- 6 years ago
I am going anon because I am so devastated, and part of me just doesn’t want to believe this is real. But I have to call off my engagement and cancel my wedding, and start a whole new life over and I am so scared, confused and terrified. I am 32 years old, moving back in with my parents and starting completly over from scratch. Talk about overwhelming.

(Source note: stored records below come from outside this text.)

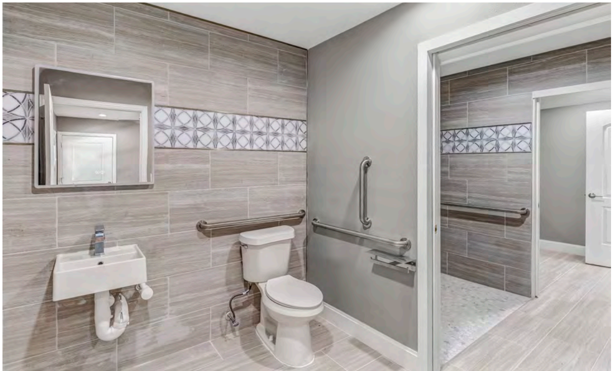
Project photos shown represent projects completed by current team members of Specialty Mod Construction and may or may not be a project of Specialty Mod Construction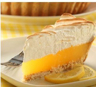
Lemon Meringue Pie Short crust pastry case filled with lemon custard and crowned with luscious meringue. (14 Portions)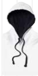
Arctic White/ French Navy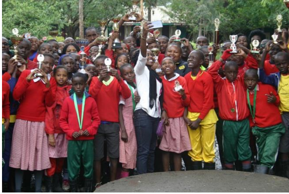
The winners were awarded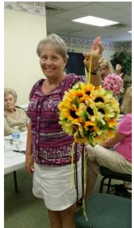
Monthly Craft “Kissing ball”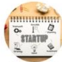
RHC STARTUPS & CONVERSIONS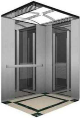
MODEL NO. CBN 1040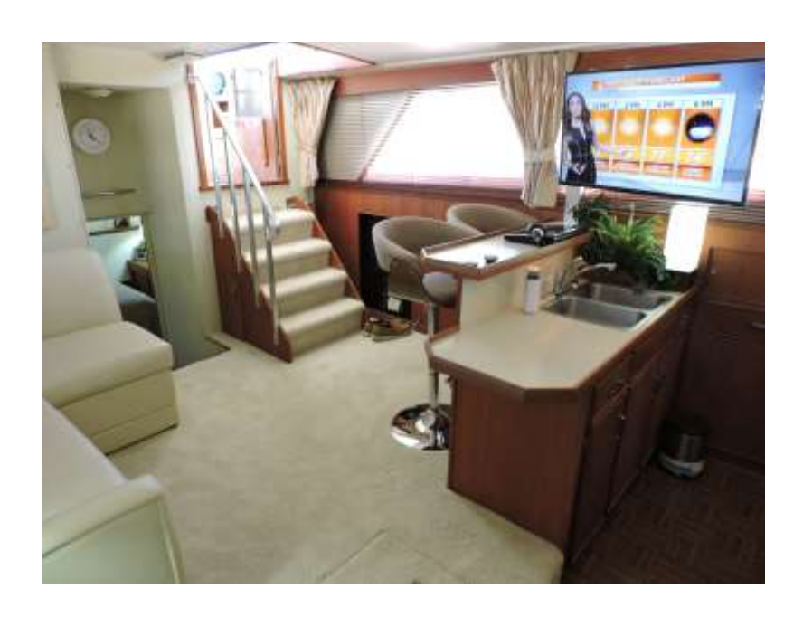
PIZZAZ update...41 Commander TV install

Paul Cavenaugh Photos Page Main Salon before and after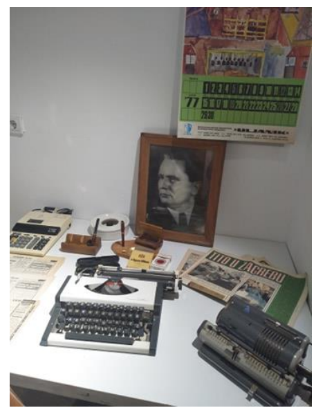
Figure 4. A 'typical' Yugoslav working desk with a picture of Tito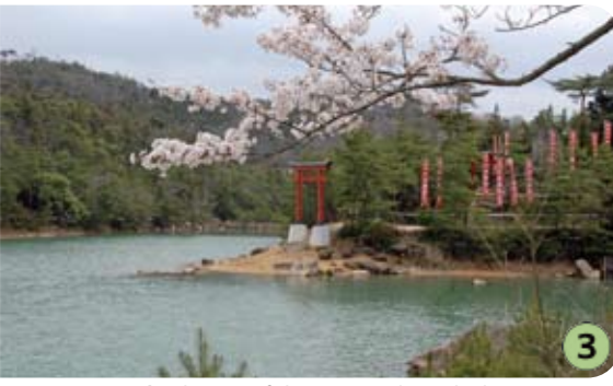
Ryuo Lake. home of the rain god. HachidaiRyuo Featival takes place in the spring.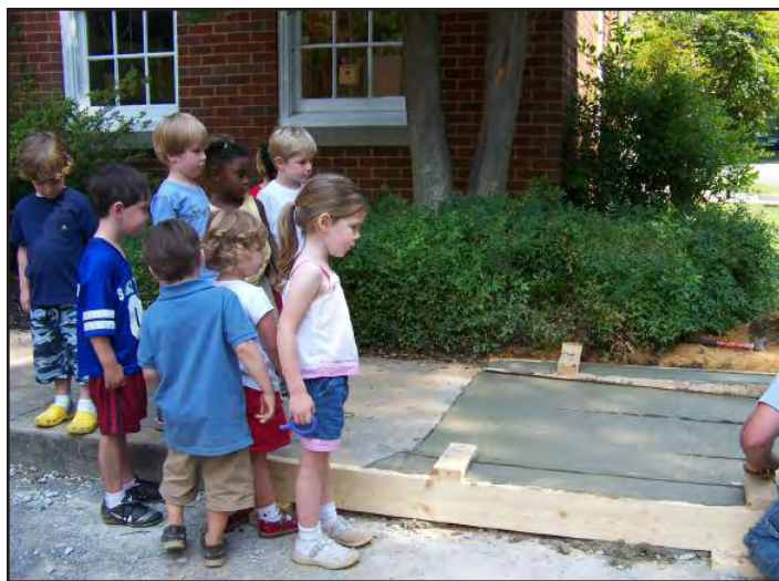
The construction of the new ramp was very interesting to these little ones.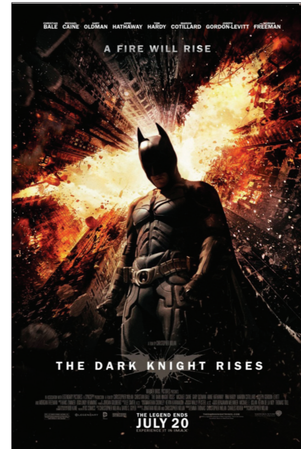
The Dark Knight Rises (2012)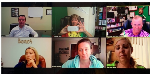
June 16, The Tuesday Zoom - "Rock it Out!"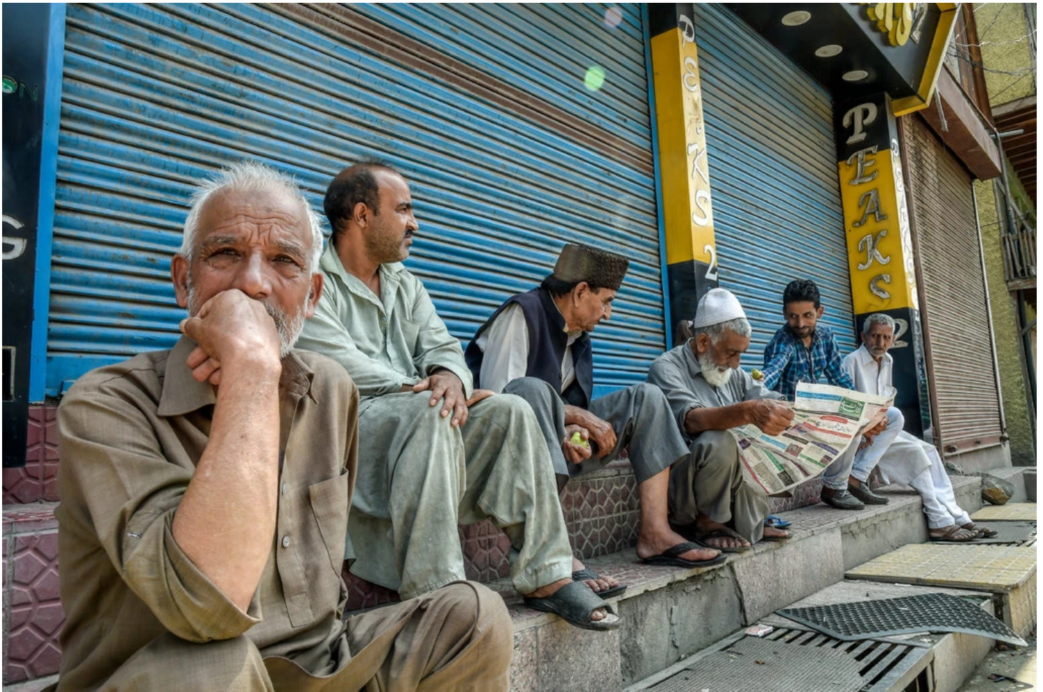
Srinagar residents on Thursday.

Many Kashmiris were shocked and demoralized by the news that their autonomy had been instantly erased. The Indian government, led by Narendra Modi, made its move on Monday, dismantling an article in the Indian Constitution that guaranteed Kashmiris special land ownership rights and allowed Kashmir to frame its own laws.

So here’s the looonng story: My Fiance and I have been together for over 5 years, engaged for over 1 year – to be married this March. I will admit, our relationship has had MANY bumps in the road. For one, my Fiance has had a very traumatic past including losing his father and best friends in a horrific accident (that he was also in) and was the sole survivor. So he suffers from PTSD, survivor guilt, along with medical issues from this accident. I never held any of that against him because of course, none of it was his fault – it was just a horrific tragedy. Anyway, his accident was over 10 years ago, but he clearly still has a lot of emotional instabilty (angry outbursts), has struggled on and off with pain medications, and continues to have health problems. But again, I never held any of that against him because none of that was his fault. I am a patient and compassionate person….and I just loved him. And I felt if you truly loved someone, you will stand by them no matter what. When we first met, he seriously made me feel so loved, like I was the most amazing woman on earth. His love and devotion to me was obvious and our friends and family saw it. Everyone was in awe and jealous of the “great guy” I was able to snag. Everyone adored him! He sent me flowers all the time, cooked me dinners, wrote me love letters, little thoughtful gifts, the whole nine. So of course I thought I found myself a winner, with a little history of trauma and emotional baggage along the way, but I felt like it was worth it, and the pros definitly outweighed the cons.
But then he started to lie. And to me, truth and fidelity is the basis and foundation of a relationship. If you don’t have that, you don’t have anything. On our very first date, he admitted to me that he had been engaged before but “broke it off.” I was a little shocked at the time, but I was like hey, everyone has a past, I appreciated him letting me know so early on and for his honesty. Or so I thought. Six months into our relationship, after we were already established as a true couple and had already said “I love you” for the first time, he admitted to me he was married before. WHAT?? You told me you were engaged and broke it off? And here’s where it first started to get suspiscious — he swore up and down he never told me that! He told me I must have remembered that conversation wrong. I said, “Bob! (not real name) where would I make something like that up if you never told me that?” and he swore he never said it. Later, he claims he was honest with me and that by saying, “I was engaged before and broke it off” – he wasn’t actually lying because he was infact engaged, and he did in fact “break it off” -i.e. getting divorced. Somehow he didn’t think it was lying by omitting the fact that inbetween the “engagement” and “breaking it off” he was married. See how he lies by either omission or playing around and twisting his words. It was all about symantics with him. I should have known right there this was a huge red flag.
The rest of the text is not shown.